(Records for this task)

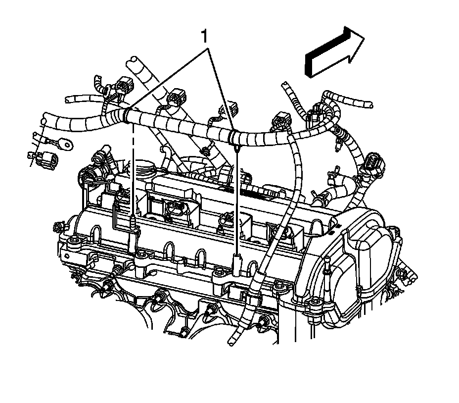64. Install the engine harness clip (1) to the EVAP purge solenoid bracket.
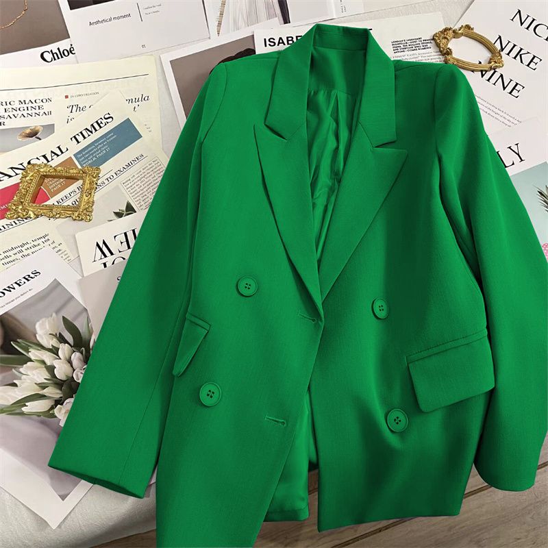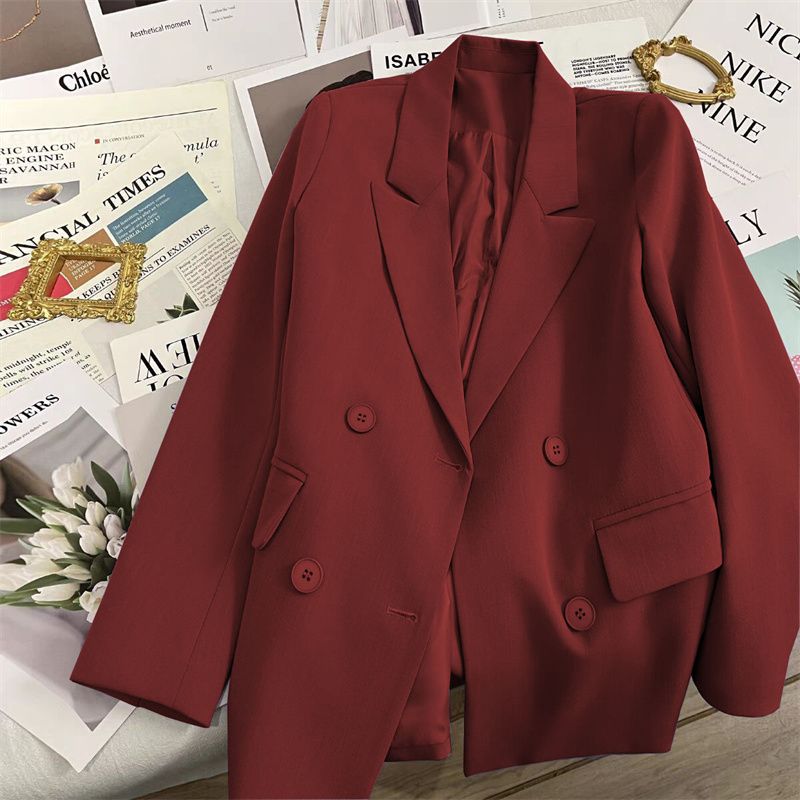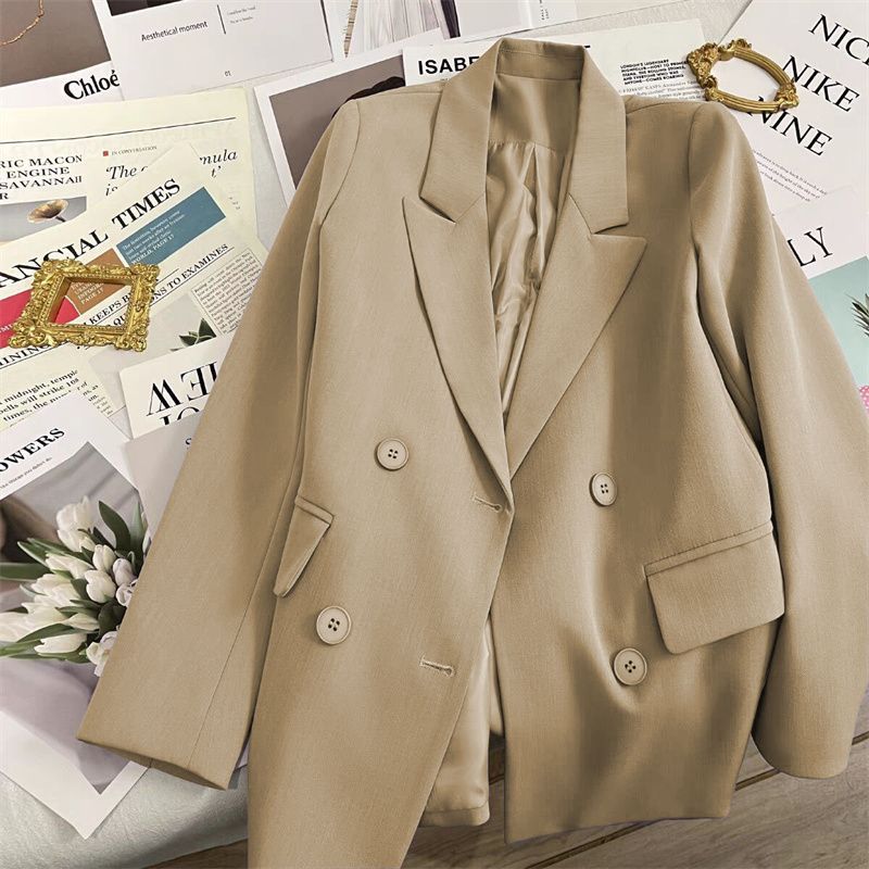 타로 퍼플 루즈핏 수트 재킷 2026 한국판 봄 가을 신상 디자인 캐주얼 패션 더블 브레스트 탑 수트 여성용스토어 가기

(End Records for this task)
(Records for this task)

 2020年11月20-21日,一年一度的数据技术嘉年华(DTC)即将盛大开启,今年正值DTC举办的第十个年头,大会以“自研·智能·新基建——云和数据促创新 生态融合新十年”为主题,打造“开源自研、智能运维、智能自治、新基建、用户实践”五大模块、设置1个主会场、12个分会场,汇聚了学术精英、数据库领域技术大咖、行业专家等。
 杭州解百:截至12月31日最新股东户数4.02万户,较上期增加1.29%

(End Records for this task)

Without the pictures, set down the lines above from the line with "64. Install the" up to and including the line with "타로 퍼플 루즈핏 수트" exactly as they stand.

#### [Written solution]
64. Install the engine harness clip (1) to the EVAP purge solenoid bracket.
 타로 퍼플 루즈핏 수트 재킷 2026 한국판 봄 가을 신상 디자인 캐주얼 패션 더블 브레스트 탑 수트 여성용스토어 가기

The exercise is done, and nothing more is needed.